**How to complete this task:** Would you please print exactly the lines that run from the one with "会议中心南侧广场,从空中俯瞰" to the last line of the data, both included, without any pictures?

**Material to process:**
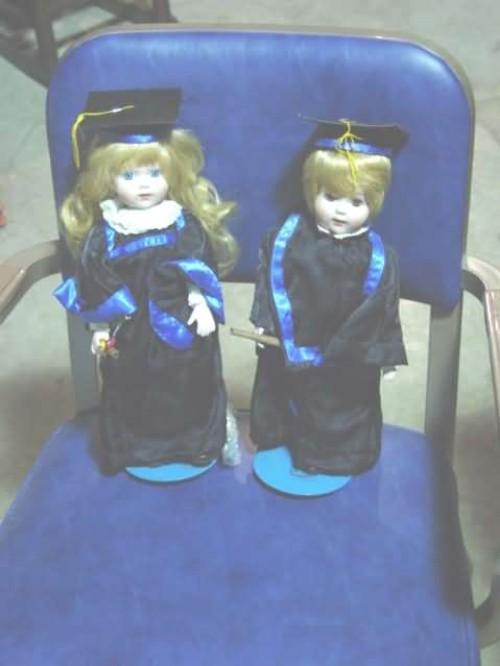 Twin Graduates by Marian Yu (Boy & Girl) Porcelain & cloth 13.5 " 1987
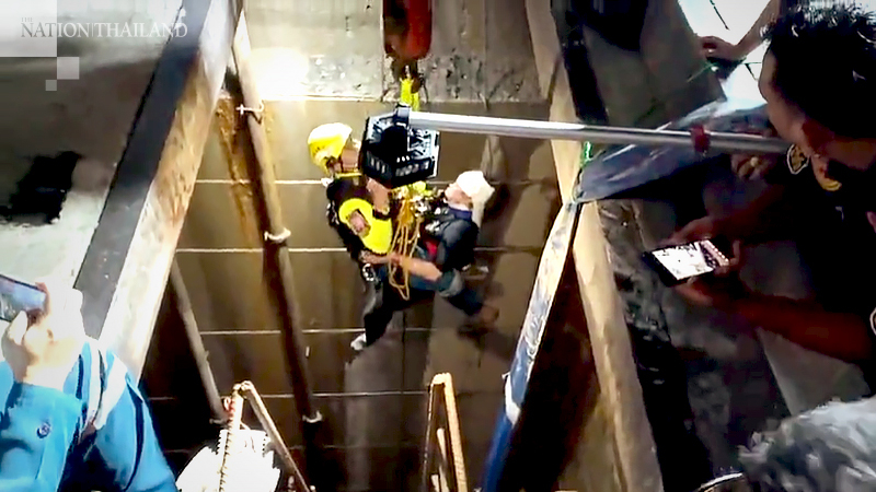Bang Phong Phang police, which were notified of the incident, immediately contacted a rescue team, which helped the man, who was miraculously still alive, out of the hole.
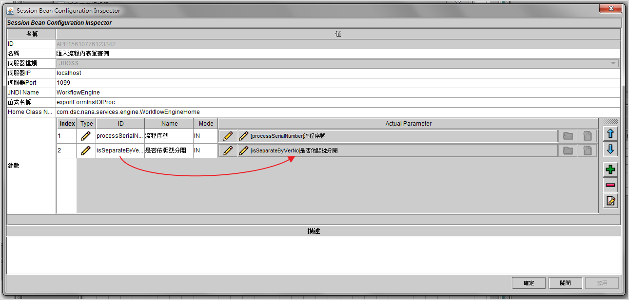 但是如果相反地,流程變數名稱改用鼎新提供的pProcessInstanceSN/pSeparateByVerNo,反而無法存入表單(暫不知原因為何)
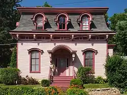The official National Register documentation for the Ivory McKusick House gives a construction date of 1868.[4] However more recent research from the Washington County Historical Society states that the house began as a one-story structure in 1866 and was enlarged in 1872 with the two-story wing that now serves as the main façade.[1] Second Empire architectural elements include the mansard roof with round-arched dormers, and numerous ornate brackets. These brackets adorn the window hoods on the dormers and the first floor, while even larger brackets with pendants support the wide eaves and the hood over the front door.[4] The heavy mansard roof was highly fashionable at the time.[1] A patterned frieze wraps under the roofline and is echoed in decoration around a bay window on the side elevation. Decorative elements are simpler on the original rear wing and lacking altogether on a two-story servants' wing added to the northwest corner of the house sometime before 1888.[4]
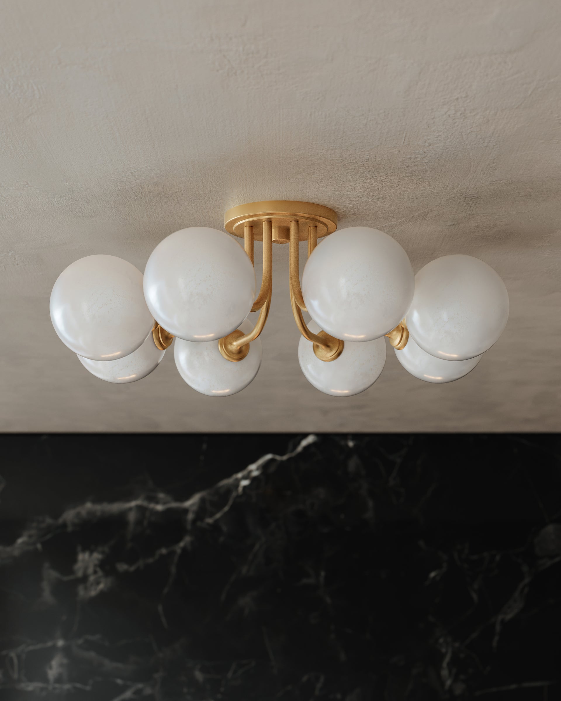 Small globes of opal cloud glass rest on sprawling, curved arms giving Onyx an uplifted and airy feel. Etched on the inside, the globes create a warm light. An extra layer of patina gives the gold leaf finish on the metal work its vintage look. Available as a single or 3 light sconce, 8 light flush mount or 6 or 12 light chandelier, there's a place for Onyx in any space.
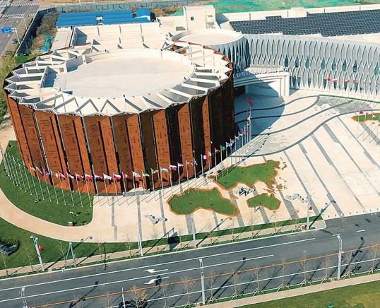 会议中心南侧广场,从空中俯瞰,整体图案展现为世界地图六大洲图样(不含南极洲),锈色金属边框包裹绿色草坪,极简的工业风更加具体地展示出场馆的国际化定位。
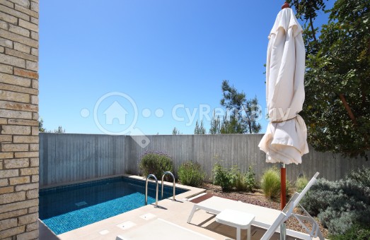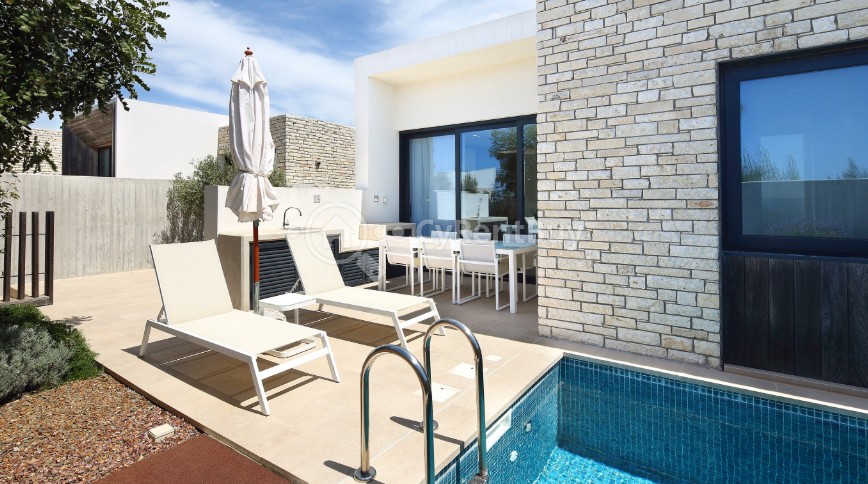 Unique villa, featuring a large garden and a sparkling swimming pool with a lovely outdoor sitting area.

**Response for this exercise:**
 会议中心南侧广场,从空中俯瞰,整体图案展现为世界地图六大洲图样(不含南极洲),锈色金属边框包裹绿色草坪,极简的工业风更加具体地展示出场馆的国际化定位。
 Unique villa, featuring a large garden and a sparkling swimming pool with a lovely outdoor sitting area.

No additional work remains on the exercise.